7.1. Les propriétés essentielles de N. Rappelons que les propriétés considérées essen-
tielles de l’ensemble des nombres naturels N = {0, 1, 2, 3, . . . , n, n + 1, . . .} sont les suivantes :
(1) Chaque nombre naturel n a un unique successeur dans N, noté n + 1.
(2) Il existe un nombre naturel spécial, noté 0, et
(3) chaque nombre naturel n différent de 0 a un unique prédécesseur dans N, noté n − 1.
On a (n + 1) − 1 = n, pour tout n ∈ N et (n − 1) + 1 = n pour tout n ∈ N tel que
n 6= 0.
(4) Si E ⊆ N est un sous-ensemble de N tel que (i) 0 ∈ E et (ii) pour chaque
n ∈ E aussi n + 1 ∈ E, alors nécessairement E = N.
Le successeur de 0 s’appelle 1, le successeur de 1 s’appelle 2, et cétera.

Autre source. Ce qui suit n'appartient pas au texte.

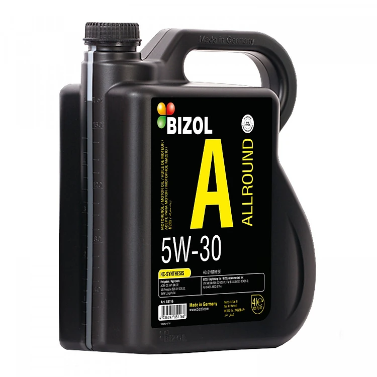 BIZOL Allround 5W-30 là loại dầu động cơ ma sát thấp, cao cấp, có chất lượng cao nhất, sử dụng quanh năm. Sự kết hợp dầu gốc độc đáo trên công nghệ tổng hợp HC với gói phụ gia mới nhất (công nghệ SAPS tầm trung) đảm bảo cho dầu có độ nhớt thấp và tính chống trượt ổn định cao. Sản phẩm ngăn cản tạo cặn các-bon hiệu quả, giảm ma sát và bảo vệ chống lại mài mòn tốt. Kết quả là tiết kiệm nhiên liệu và tuổi thọ động cơ kéo dài hơn. Sản phẩm này khuyên dùng cho động cơ xăng và diesel bao gồm turbo tăng áp và chuyển đổi xúc tác. Đặc biệt được khuyên dùng cho động cơ xăng có hệ thống TWC và động cơ diesel có hệ thống DPF.
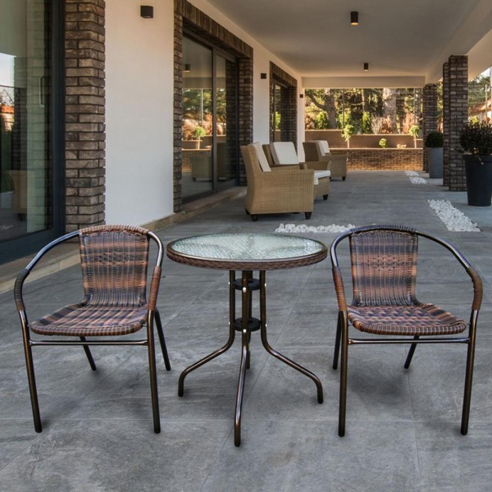 Стол: D60xH70 см. Стекло: закаленное- 5 мм. Труба: сталь D25 с полимерным покрытием. Столешница по периметру искусственный ротанг. Стул: W54хD58xH74 см. Каркас: труба сталь D25.Материал: искусственный ротанг. Цвет:орех(В) Объем и вес комплекта: 0,32м3,13,8кг.
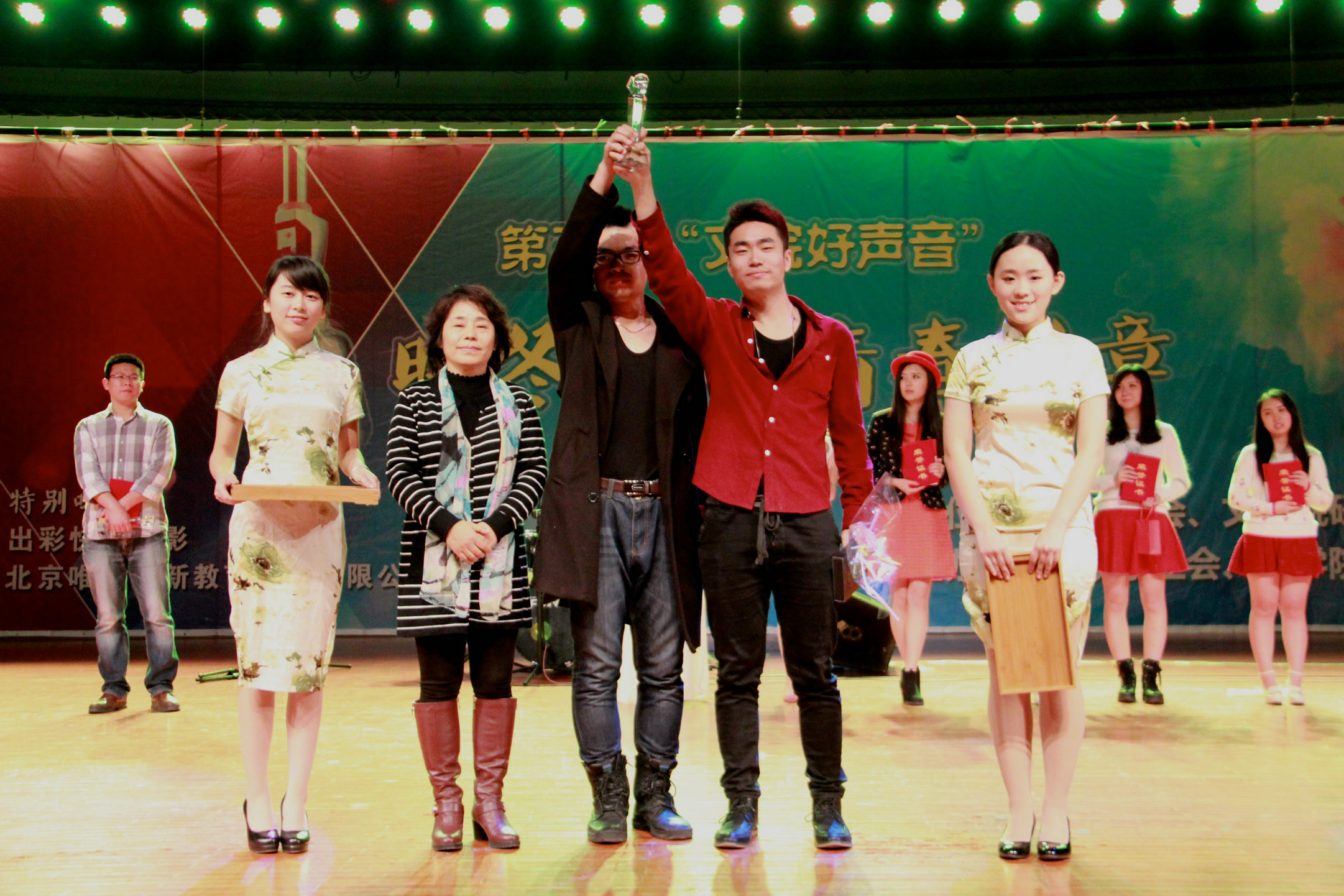 组合对唱环节同样异彩纷呈,来自不同年级的选手联袂演唱,完美配合,或轻松幽默,或悠远动情,更有7号、9号选手强强联合的《因为爱情》,为现场观众带来一场听觉盛宴。比赛中采用的专业评委与大众综合多因素打分的评分形式保证了结果的公平性,也使现场观众体会到与选手的互动。最终,在经过选手独唱,组合对唱,大众评审,微信投票等环节激烈比拼后,由本科生常宇峰,邢楷组成的9号 “新生活运动”组合夺得桂冠,而7号选手王濛和10号选手张华分别夺得亚季军,最佳人气奖则花落2号本科生选手陈唯莹和4号研究生选手侯润婕。在意犹未尽的咏叹中,北师大文学院第三届“文院好声音”落下帷幕,让我们共同期待来年的精彩!(文学院新闻部)
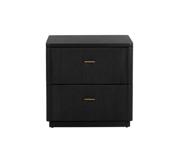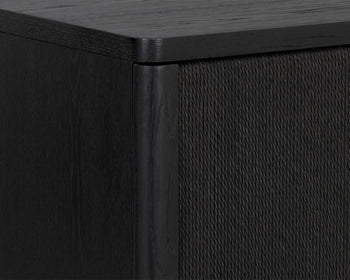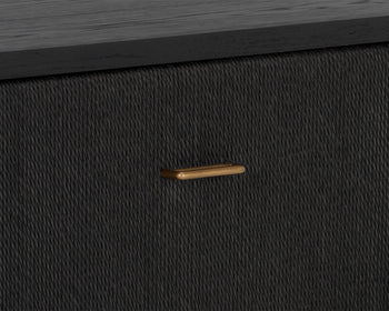 The Etienne Nightstand boasts a linear profile with a warm design. Constructed from a rustic oak veneer with solid oak wood legs and a matching rope covering on the doors. Antique brass handles complement the piece. As wood is an organic, porous material, these pieces will contain natural variation of texture and may also exhibit fine indentations and cracks. Wood pieces will also display a disparity of colour and grain, and visible knots and burls that add to the character of each piece.
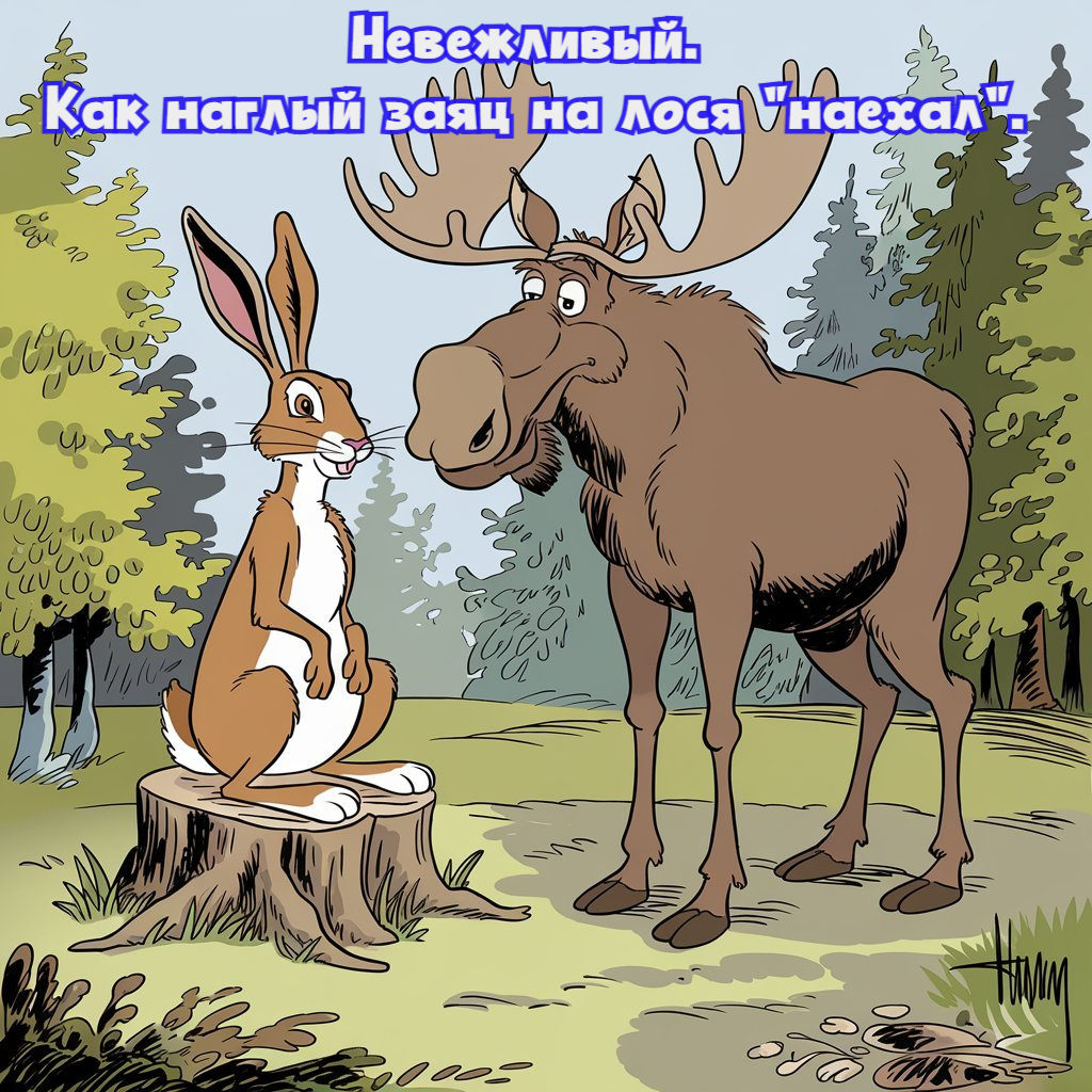 Заяц, по имени Штрих, был известен своей дерзостью и неуважительным отношением к другим обитателям леса. Он бежал по тропинке, не обращая внимания на Рога старого лося, словно считая себя хозяином всего леса. "Эй, лосяра!" - воскликнул Штрих, высокомерно подняв голову. "Ты что, дорогу перегородил? Стой на месте, и дай мне пройти!".
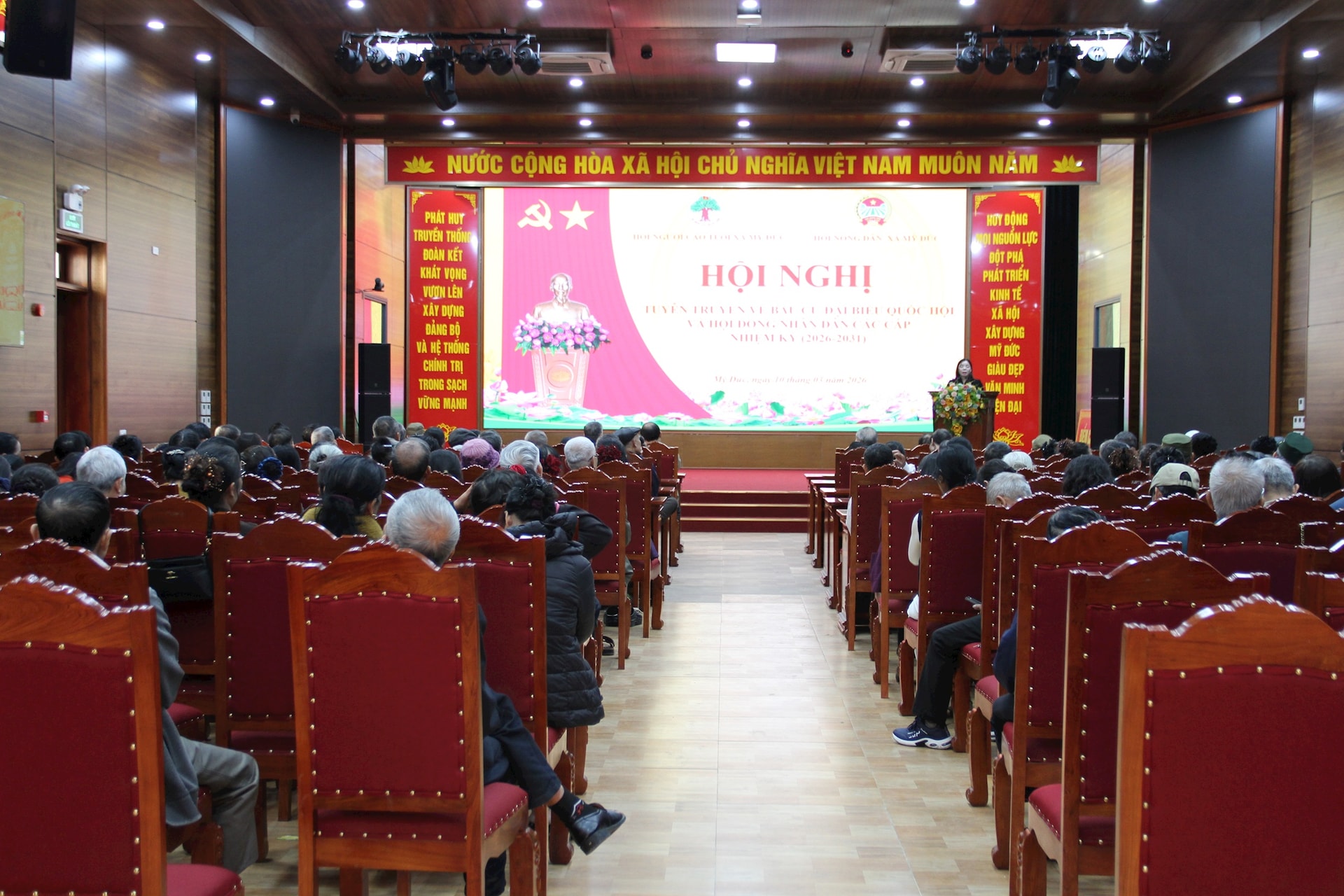 Quang cảnh hội nghị tuyên truyền bầu cử đại biểu Quốc hội khóa XVI và đại biểu HĐND các cấp nhiệm kỳ 2026-2031 do Hội Nông dân và Hội Người cao tuổi xã Mỹ Đức tổ chức sáng 10-3. Ảnh: VB
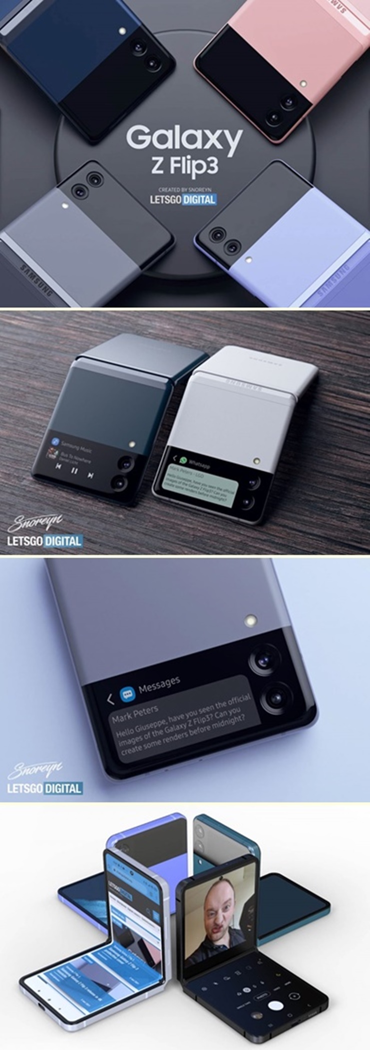- 색상: 최근 유출된 자료에 따르면 갤럭시 Z플립 3의 색상은 바이올렛, 그린, 블랙, 베이지 4가지의 색이 유출되었는데, 블랙, 화이트, 다크 블루, 다크 핑크, 라이트 퍼플, 그린, 베이지, 매트 그레이 총 8가지의 색상으로 출시된다는 소문입니다. 그리고 지난 모델들에서 화려함을 강조한 원색 컬러를 강조했다면, 이번에 출시될 신제품은 투톤 컬러를 적용하여 분위기를 확 바꾸면서 특정 고객을 저격한 디자인이 아닌, 누구에게나 호 불가 없을 디자인이 될 전망입니다.
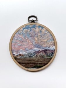 Cotton embroidery floss on canvas, mounted on beech hoop
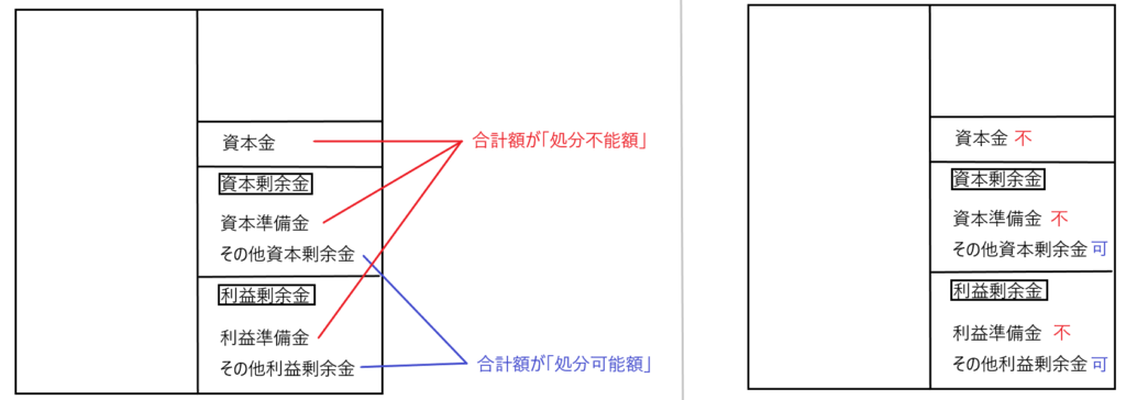 処分可能額(その他資本剰余金+その他利益剰余金)の範囲内でしか分配できない
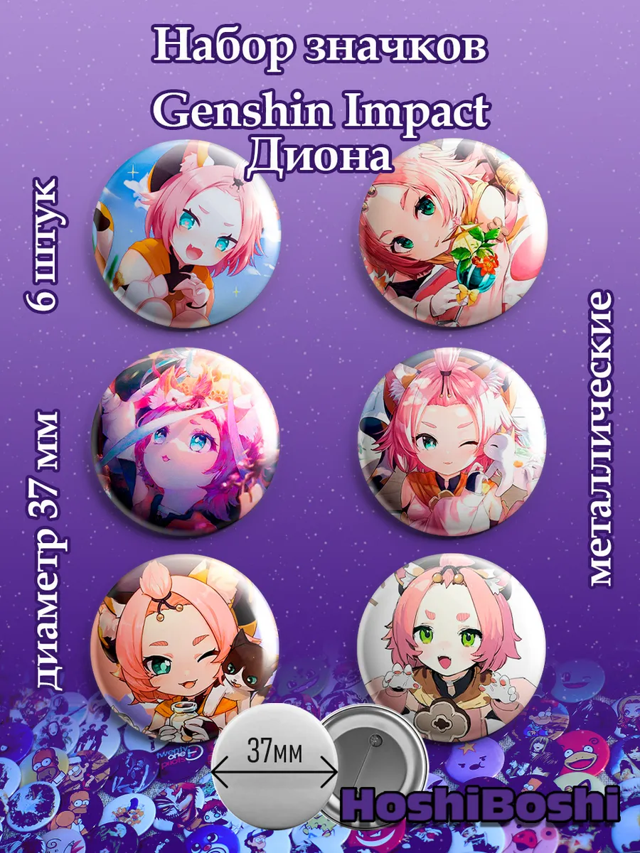 Набор из 6 металлических значков с изображениями из игры Геншин Импакт ( Genshin Impact ).
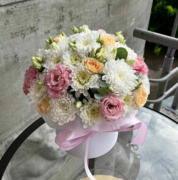 СОСТАВ: Лизиантус (Эустома) - 6, Чайная Роза крем де ла крем - 3, Хризантема кустовая - 3, Фисташка - 3, Шляпная коробка - 1, Оазис - 1, Лента атласная - 1
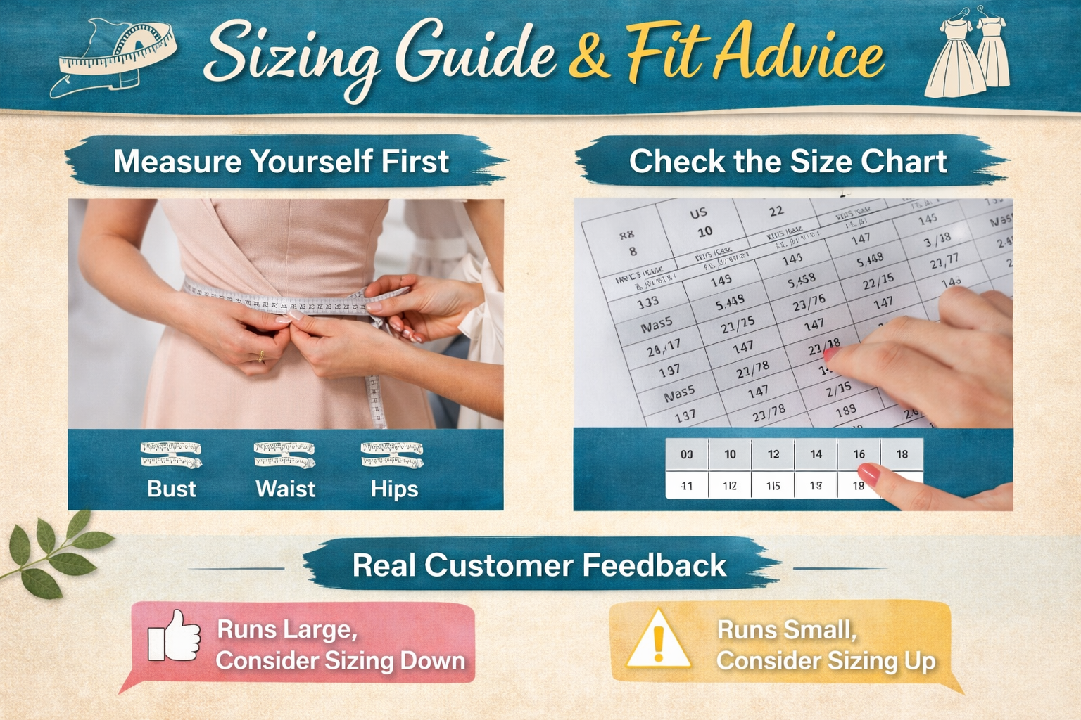 Always check the size chart. Don’t rely on your usual UK size—measure yourself first.
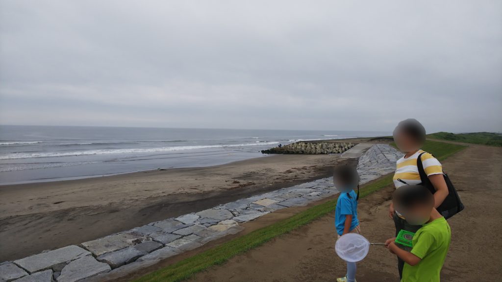 テントの設営が完了すると、早速海に出かけてみます。このサイトを選んだ一番の理由は海!歩いて3分ほどで、九十九里浜に出ることができます。遊泳禁止区域のため、泳ぐことはできませんが、貝殻拾いや砂遊び、浜の生き物観察には十分です。
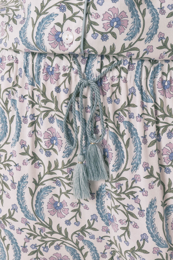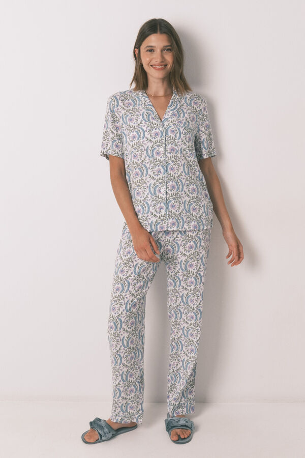Pijama camisero de manga corta y pantalón largo con estampado allover de flores en tejido de viscosa ECOVERO™. Top con cuello camisero y botones a tono con detalles de vivos a tono a conjunto con los bajos de manga. Pantalón con cinturilla elástica ajustable mediante cinta a tono y cenefa en bajo. Ideal para dormir o estar en casa muy cómoda.
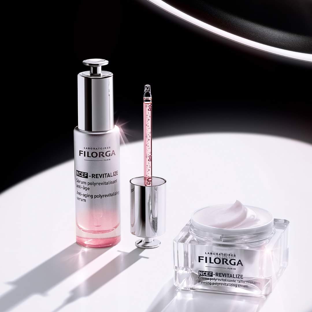Filorga NCEF Revitalize Serum is an intensive anti-aging concentrate designed to boost skin radiance, smooth wrinkles, and restore vitality. Formulated with Filorga’s exclusive NCEF complex — a unique blend of more than 50 revitalizing ingredients — this serum deeply rejuvenates and strengthens the skin from within.

Le prédecesseur de
1 est 0, le prédécesseur de 2 est 1. Mais 0 n’a pas de prédécesseur dans N (l’entier −1 n’est
pas un nombre naturel).

Axiome 7.1. L’ensemble des nombres naturels N = {0, 1, 2, 3, . . . , n, n + 1, . . .} avec ces


propriétés essentielles existe.

Il est impossible de montrer la vérité de cet axiome (sans supposer quelque chose d’autre,
comme le principe du bon ordre, voir thm. 6.5). On l’accepte. À partir de seulement ces
propriétés essentielles nous allons déduire les autres propriétés bien connues par vous.
Comme déjà expliqué, la dernière propriété essentielle mentionnée nous permet d’utiliser
induction dans les preuves et définitions.

Théorème 7.1 (Principe d’induction). Soit P (n) une fonction propositionnelle avec univers
de discours N. Supposons P (0) vraie et supposons aussi que pour chaque n ∈ N l’implication
P (n) → P (n + 1) est vrai. Alors P (n) est vrai pour chaque n ∈ N.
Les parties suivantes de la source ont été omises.